She tried to take a deep breath and hold her shoulders up as she marched around the room, tried not to see the empty space where the cot had stood. Tried not to think, tried just to get the supper and get the men to eating. They were hungry now, and they would not bother her until they were fed, if she fed them quickly.

She started the coffee boiling and put some salt meat on to cook. She fried a large skillet of potatoes and mixed up the crude corn bread. The familiar duties seemed to take her hours, and all the while her heart was listening in terror for the sound of returning feet. Pete had come into the house and was sitting in the corner with his gun aimed toward her. She shuddered when she looked at him, not so much because of the gun as because of the cunning look in his eyes, and once as she glanced up because she could not keep her eyes away from his shadowy corner he laughed, a horrid cackle, almost demonical. Pete, who never even smiled! It was as if he had her in his power. As if he was gloating over it. She would rather Brand had left almost any of the men than Pete. There was something about him that did not seem quite human.

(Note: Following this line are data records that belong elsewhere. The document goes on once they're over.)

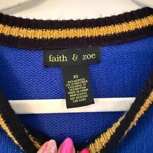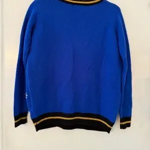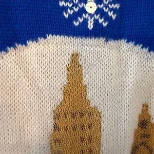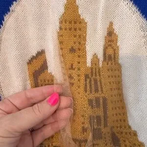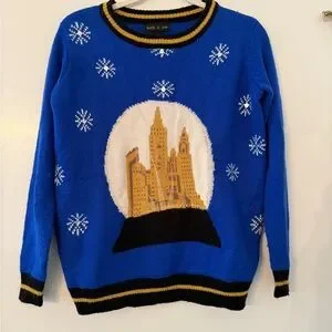 Stylish blue knit sweater with gold accents. Ideal for cozy days. Cityscape snowglobe detail with tulle detail over the circle. Sequins at the center of each snowflake. Worn once.
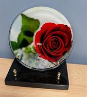 Plaque plexi sur socle forme ronde Image rose rouge Diametre plexi : 20 cm - 2 inters à choisir parmi notre sélection d’inters de plus de 100 textes. avec liens de parenté, d’amitié et de message de regret.
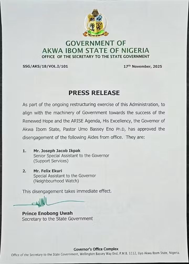Akwa Ibom State Governor, Pastor Umo Bassey Eno, has approved the immediate disengagement of two of his aides over alleged acts of disloyalty linked to their attendance at the recent Peoples Democratic Party (PDP) convention held in Oyo State.
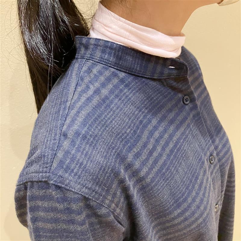 首元がスタンドカラーのため、さらに冷え込む季節にはハイネックなどを
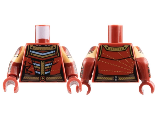 Torso Female Shirt with Center Panel with Gold and Sand Blue Stripes, Dark Brown Belt with Circle Buckle, Black Shoulders and Neck Pattern / Dark Red Arms with Molded Medium Tan Short Sleeves and Printed Dark Red Shoulders, Gold Trim and Straps on Gauntlets Pattern / Dark Red Hands
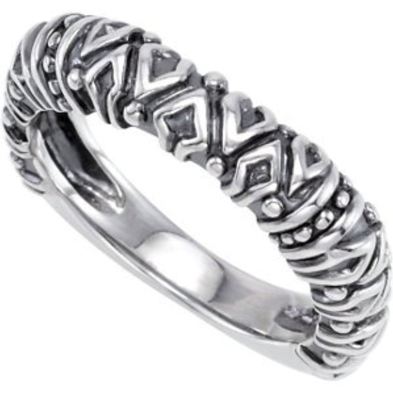 - Antiqued Raised Tribal Design with Granulated Beads Rounded Square Band; Stacking Band is Crafted in Polished Sterling Silver
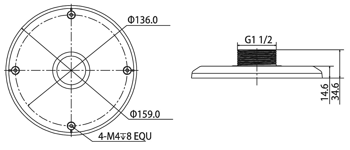 Adapter für Domekameras zur Verbindung von Domekameras an Wand- oder Deckenhalter mit Standard-Gewinde (NPT 1 1/2").

Feverishly she worked, her head throbbing with her haste, setting out the old table with the tin plates, the cracked cups. She could hear the men’s voices. They were coming back up the mountain now. They were singing one of those terrible songs about hanging somebody by the roadside, the one that had always made her mother turn pale.

Fraley sprang to the stove and broke eggs into the hot fat beside the meat. She would give them such a supper as would make them forget her for the moment.

The corn bread was ready, smoking hot on the table as the men came noisily in. Brand watched her as he towered above the rest, his evil eyes gloating, she thought, with the same look that had been in Pete’s eyes. She brought the coffee pot and set the frying pan with its sizzling meat and eggs in the middle of the table, and the men, with drunken satisfaction, sat down and drew up their chairs. They were joking among themselves about their task just completed, in words that froze her heart with sorrow and horror. But she was glad to have their attention for the moment taken from herself.

They were all busy with the first mouthfuls now like hungry wolves, too busy to spring.

She turned stealthily, and her foot touched something. It was the old tin cup that Brand had kicked away in his anger. With quick instinct, she stooped and picked it up. She might need it. Some bits of dry bread that were on the shelf as she passed she swept into it, and hiding the cup in the scant gathers of her cotton dress, she made a stealthy movement toward the door of the room that had been her refuge from the terrors of the world ever since she could remember.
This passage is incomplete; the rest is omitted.